BC is no longer considered a single disease; each subtype has distinct clinical features and genetic drivers. The clinically relevant classification is based on HR and HER2 receptors status. Until recently, BC was either HER2 positive or negative based on whether the HER2 oncogene is amplified or not. This notion was challenged when a new HER2 targeting drug, TDX-d showed effectiveness among a subgroup of BC patients previously reported as HER2 negative, challenging the established classification.

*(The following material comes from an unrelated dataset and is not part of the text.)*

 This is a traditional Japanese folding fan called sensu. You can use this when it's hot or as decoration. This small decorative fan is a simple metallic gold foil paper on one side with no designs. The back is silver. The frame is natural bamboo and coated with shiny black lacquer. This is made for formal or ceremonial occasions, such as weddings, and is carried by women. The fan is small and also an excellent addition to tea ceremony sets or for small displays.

HER2 low (IHC 1+ or IHC +2/ISH negative) require further study to understand their clinicopathological features and prognosis to determine whether they are indeed distinctly different from the HER2 negative subgroup.
This retrospective study of 1029 early BC patients diagnosed between 2014 and 2022 in Alexandria university hospitals. Tumors originally reported as HER2 negative were reclassified into HER2 0 and HER2 low and stratified based on HR status. Clinical and pathological features were compared, and rate of pCR, DFS, OS and TTR were calculated and compared for HER2 low, HER2 positive and HER2-0 groups.

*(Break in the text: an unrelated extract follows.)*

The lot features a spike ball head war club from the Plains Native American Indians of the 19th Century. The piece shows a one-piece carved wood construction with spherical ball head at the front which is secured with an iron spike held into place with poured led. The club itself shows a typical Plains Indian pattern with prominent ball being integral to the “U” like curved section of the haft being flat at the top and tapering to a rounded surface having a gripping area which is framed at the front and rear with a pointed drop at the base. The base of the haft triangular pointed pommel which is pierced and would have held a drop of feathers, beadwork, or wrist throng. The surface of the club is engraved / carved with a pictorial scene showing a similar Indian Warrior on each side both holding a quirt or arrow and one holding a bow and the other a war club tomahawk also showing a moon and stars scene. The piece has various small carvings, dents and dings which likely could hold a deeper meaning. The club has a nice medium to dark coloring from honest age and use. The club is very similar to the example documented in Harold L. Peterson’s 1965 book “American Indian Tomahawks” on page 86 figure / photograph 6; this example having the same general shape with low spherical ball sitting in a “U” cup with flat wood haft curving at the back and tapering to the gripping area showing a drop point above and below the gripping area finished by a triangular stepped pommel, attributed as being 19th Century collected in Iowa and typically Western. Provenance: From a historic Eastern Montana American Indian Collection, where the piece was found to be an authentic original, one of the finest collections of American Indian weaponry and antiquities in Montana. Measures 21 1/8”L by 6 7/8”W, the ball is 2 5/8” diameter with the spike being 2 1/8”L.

HER2-low tumors were found to be positively associated with HR positive status compared to HER2-0 (p=0.019). The rate of HER2-low significantly increased as the level of ER expression increased (p<0.001), while HER2 positive tumors were more likely to be associated with negative HR status than HER2-0 (p<0.001).
No significant difference was observed between HER2-0 and HER2-low regarding clinicopathological features, apart from HER2 low being more likely of ductal histology (p=0.004), and having Ki67 level less than 20 (p=0.008), while HER2 positive tumors were more likely to be of high grade compared to HER-0 (p<0.001), Ki67 level was more likely to be 20 or more (p=0.011), and to present at a younger age (p=0.019).

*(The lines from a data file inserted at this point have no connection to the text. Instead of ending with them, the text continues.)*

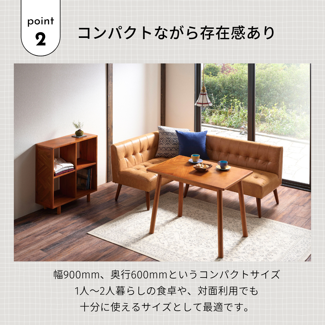 幅90×奥行60cmのコンパクトサイズで、2人暮らしや限られた空間にもぴったり。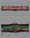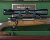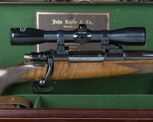 24in. blacked nitro barrel engraved 'JOHN RIGBY & CO. 13. PALL MALL, LONDON. S.W.1.', with block-mounted bead fore-sight with flip-over tunnel cover, block mounted rear-sight of one standing and two folding leaves calibrated to 300 yards, blacked receiver fitted with a Schmidt & Bender 4x36 telescopic sight in quickly-detachable mounts, with spare Zeiss diavari-ZA 2,5...10x52 telescopic sight, 13 3/4in. figured stock including 3/4in. rubber recoil pad, with fore-end cap, chequered grip and fore-end, steel pistolgrip cap with trap, cheekpiece, sling swivels, in its full length leather rifle case with provision for both telescopic sights, canvas outer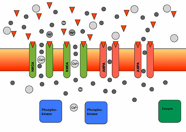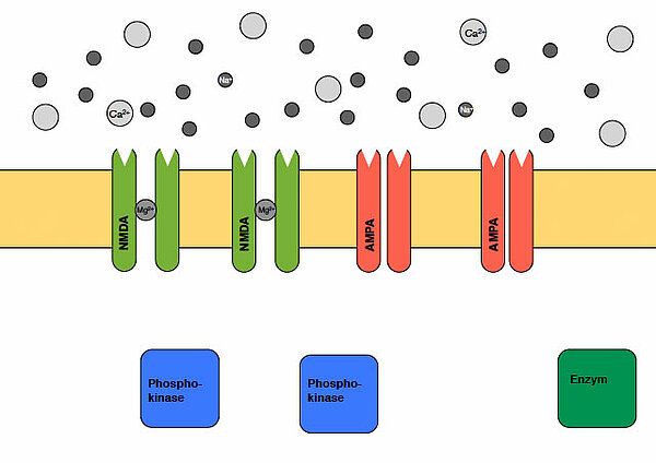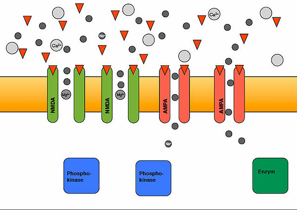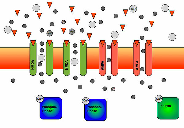Allerdings sind die NDMA-Kanäle durch Magensium-Ionen verschlossen, wie die Zeichnung oben zeigt. Bei den Ionenkanälen der AMPA-Rezeptoren ist das nicht der Fall, hier können die Calcium-Ionen (und Natrium-Ionen) ungehindert einströmen, wenn die Kanäle durch Glutamat aktiviert werden: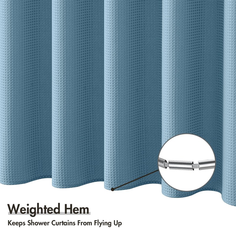 - PACKAGE INCLUDES: Comes with 1 waffle weave shower curtain featuring reinforced metal holes and 12 bonus metal hooks, rust resistant and easy to slide. You will enjoy the added convenience of these bonus hooks while saving on the cost and effort.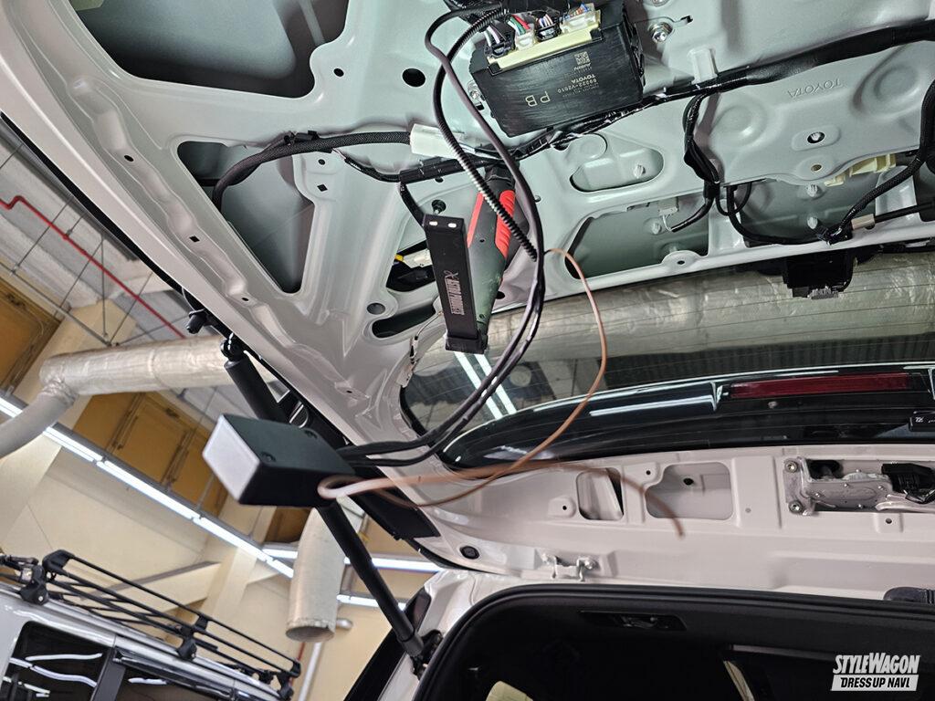 実際にパワーバックドアキットを使っているオーナーに話を聞くと、「自分はもうおっさんなんで(笑)、なんだかんだで自然とリアゲートのスイッチに手をかけてしまう。これまで乗ってきたクルマが全部そうだったんで。そのときに自動でオープンしないと、なんかストレスになってしまうんです。もちろん、純正のテールレンズサイドのスイッチを押せばいいのはわかってるんですけど、なんか慣れって怖いですね。雨の日とか暗いところだと、純正スイッチを探すのが結構大変。だからこのキットを付けてからはかなり便利に、そしてストレスフリーで使えてますよ」とのこと。

Regarding disease outcome, HER2 low patients who received NACT had a trend toward lower rate of pCR compared to HER2-0, however this difference didn’t reach statistical significance. Conversely, HER2 positive patients who received anti-HER2 therapy in the neoadjuvant setting had higher rates of pCR compared to HER2-0 (p=0.01).
No significant difference in DFS or OS was observed between the HER2 low and HER2-0 groups, or the HER2 positive and HER2-0 groups, however TTR was significantly longer in HER2 low compared to HER2-0 (p=0.002).